Real manufacturing output is far higher today than when NAFTA began. That giant sucking sound, is mostly productivity gains ending jobs that apparently no longer needed to exist.
What productivity gain could cause a drop from %18 to %14 in 5 years; that is disruptive. I've been an EE for 20 years, and don't recall any technologies that would cause that. The tech advancements to manufacturing are a slow progression.
Now didn't the BLS reclassify a bunch of service sector jobs as manufacturing, such as manufacturing burgers at McDonald's?
You're proposing that counting burger flipping at McDonald's (or the equivalent) explains an eight fold increase in dollar output per manufacturing worker since 1947, and a doubling since 1997?
I'm not aware of any reclassification by the BLS, such that making burgers is now considered manufacturing. The BLS very clearly still considers McDonald's employees to be service workers, not manufacturing jobs. You can see it in the monthly jobs reports.

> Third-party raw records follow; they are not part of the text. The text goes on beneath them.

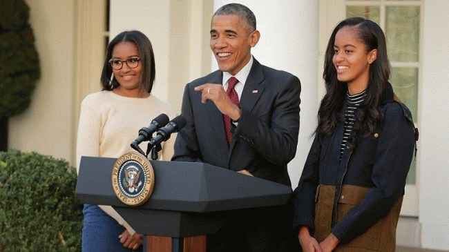 图片说明:Sasha Obama 与她的父亲和姐姐一起参加一个活动(来源:Google)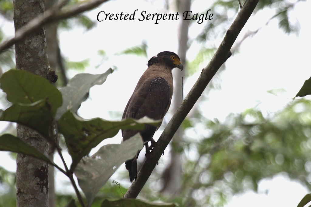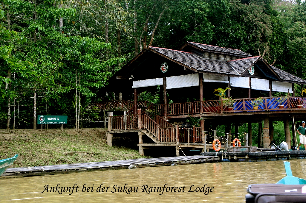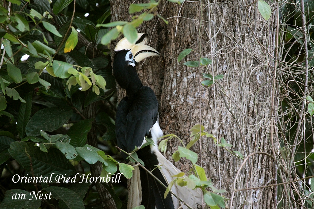 Wir warteten bestimmt 10 min, doch er kam leider nicht näher. Erstes Donnergrollen kündigte ein nahendes Gewitter an. Wir gingen zurück. Ich blieb mit meinem Netbook bei der Rezeption und schrieb schon mal Tagebuch, während der tropische Regen herunterrauschte. Um 12:15 Uhr ertönte zu aller Überraschung schon der Gong, der uns zum Mittagessen auf die Terrasse am Fluss rief. Eigentlich sollte das doch erst um 13:00 Uhr stattfinden. Macht nichts, essen wir eben jetzt. Es gab leckere Shrimps süß-sauer, gebratenes Hähnchen und gebratenes Gemüse in Oyster-Sauce mit Reis. Tomoko und ich blieben anschließend gleich hier sitzen, da ein angenehmer Wind vom Fluss herüberwehte, und beide beschäftigten wir uns mit unseren Computern. Tomoko sichtete Fotos, während ich weiter Tagebuch schrieb. Der Regen hatte zwischenzeitlich aufgehört. Plötzlich wurde ich furchtbar müde und wir gingen zurück in unser Zimmer. Trotz des durch einige amerikanische Kinder verursachten Lärms konnte ich ein wenig schlafen. Als wir aufwachten regnete es wieder. Aus diesem Grund verzichteten wir auf die geplante Bootsfahrt um 15:30 Uhr und vereinbarten im Tausch einen Besuch morgen in den Gomantong Höhlen, in denen zahlreiche Segler nisten und Tausende Fledermäuse hausen. Es regnete munter weiter. Ich nutzte die Gelegenheit um unseren Rückflug nach Singapur am 17.04. neu zu buchen, da der ursprünglich geplante Flug so verschoben worden war, dass wir ihn zeitlich nicht nutzen konnten. Tomoko schaute währenddessen mit ihrer Mutter Fotos und ihr Vater ordnete seine Aufzeichnungen, die er während unserer Ausflüge gemacht hatte. Da bis zum Abendessen noch Zeit war, unternahmen wir einen Spaziergang auf dem Hornbill-Trail. Wir machten die Runde zweimal. Beim ersten Mal sahen wir hoch in den Bäumen ein Paar Oriental Pied Hornbills.
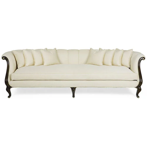 This overscaled central channeled sofa maintains its beauty with its soft lines and an abundance of throw pillows.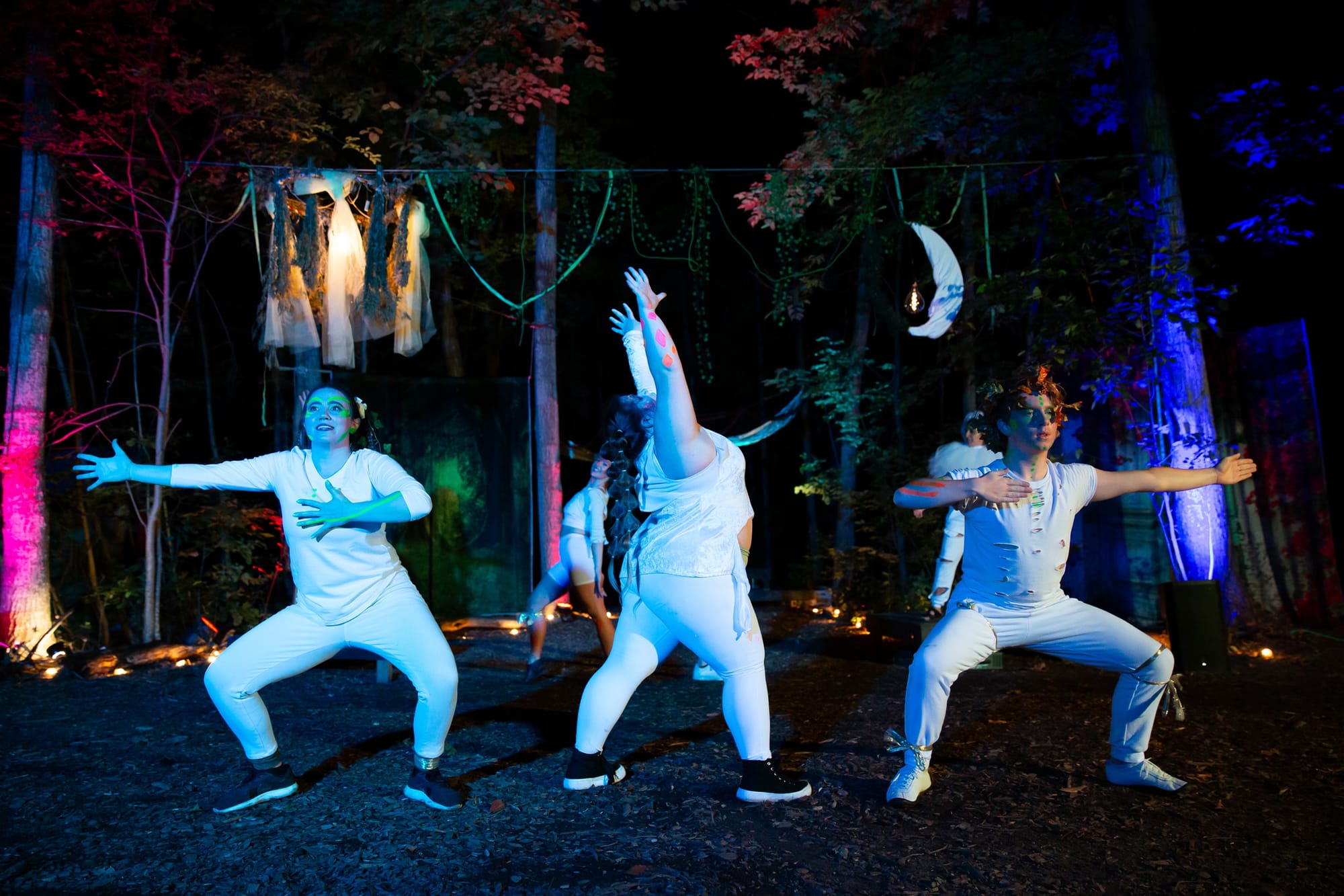In addition to these acts, the "Wizard of the Woods" Rob Power performed magic shows throughout the night and a secret passageway led attendants to a theatre production spearheaded by Norah Wardell of Dance and Heart dance company, in partnership with the Elora Community Theatre.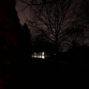 Der Parkplatz ist dunkel, hat einzelne Parkbuchten.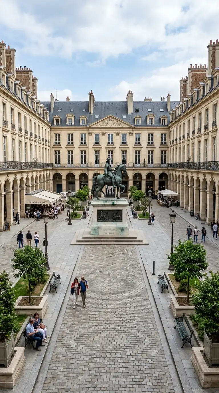 The place royale is a royal square in a French city. The square is surrounded by uniform townhouses. The centre has an equestrian statue of the king. The place royale is symmetrical, uniform, and urban.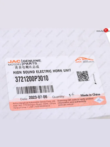 Сигнал звуковой JAC T6,T8Pro (высокий тон) OE JAC 3721200p3010 в Уфе Республике Башкортостан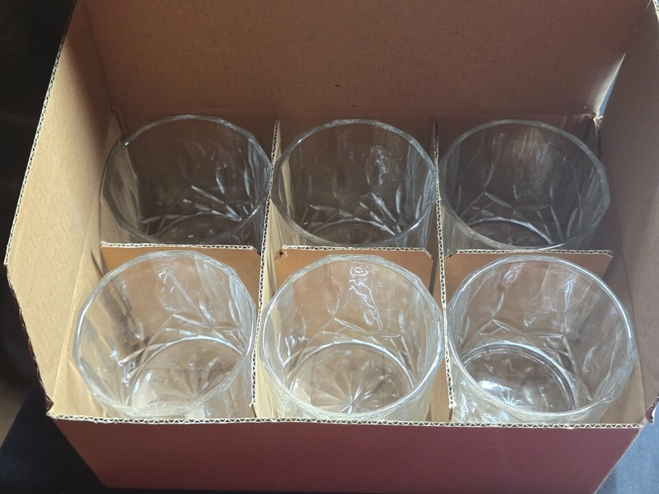 no evidence of damage or wear. Set consists of decanter, stopper and 6 old fashioned / rocks glasses. Item has only been removed from the box once for damage inspection and photo purposes for this listing. Decanter holds 28 ounces, or a full "fifth". The glasses are 8 ounces each.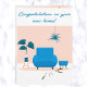 Este cartão bonito ilustra uma sala de estar com ferramentas no chão. No dentro está uma ilustração de uma aranha pendurada e um verso. O texto na frente e no dentro é editável, então vá em frente e altere as mensagens, assim como o estilo, o tamanho e a cor da fonte. Aproveite a sua nova placa de novos Parabéns domésticos editáveis!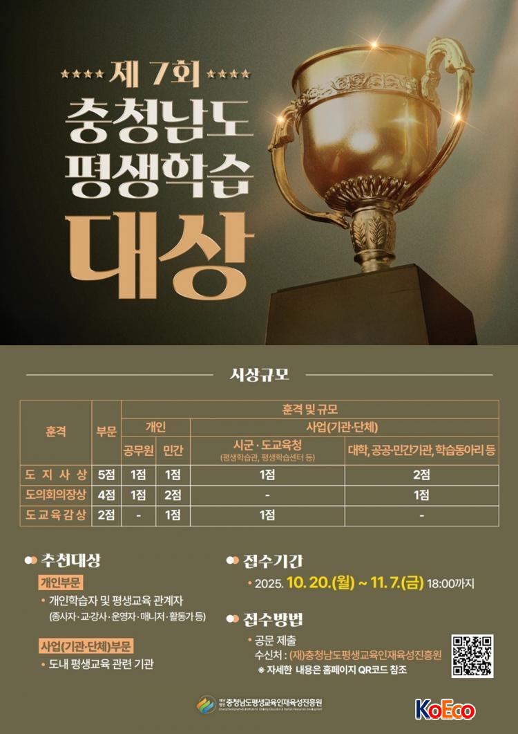 [ÄÚ¸®¾ÆÀΰæÁ¦½Å¹®/±³À°] Ȳ½Å¹Î ±âÀÚ = Ãæ³²Æò»ý±³À°ÀÎÀçÀ°¼ºÁøÈï¿ø(¿øÀå ȲȯÅÃ)Àº¡®2025³â Á¦7ȸ Ãæ³² Æò»ýÇнÀ´ë»ó¡¯Ç¥Ã¢ °ø¸ð¸¦ ½Ç½ÃÇÑ´Ù°í 23ÀÏ ¹àÇû´Ù. À̹ø °ø¸ð´Â Æò»ýÇнÀ¿¡ ´ëÇÑ ¿Á¤°ú Çå½ÅÀ¸·Î Áö¿ª»çȸ ÇнÀ¹®È È®»ê¿¡ ±â¿©ÇÑ µµ¹Î°ú ±â°ü¡¤´Üü¸¦ ¹ß±¼ÇØ ±× °ø·Î¸¦ ³Î¸® ¾Ë¸®°íÀÚ ÃßÁøµÈ´Ù.

If all of those types of service workers were now considered manufacturing jobs, we'd have seen a massive boom in manufacturing job creation over time.
1) US manufacturing real output, 1985-2015:
http://i.imgur.com/QMRdpJO.png
2) Total construction spending on manufacturing:
http://i.imgur.com/pXKLGdy.png
3) Real manufacturing output per US worker, 1947-2011:
http://i.imgur.com/8SSHwiJ.jpg
Real manufacturing output is far higher today than when NAFTA began. That giant sucking sound, is mostly productivity gains ending jobs that apparently no longer needed to exist.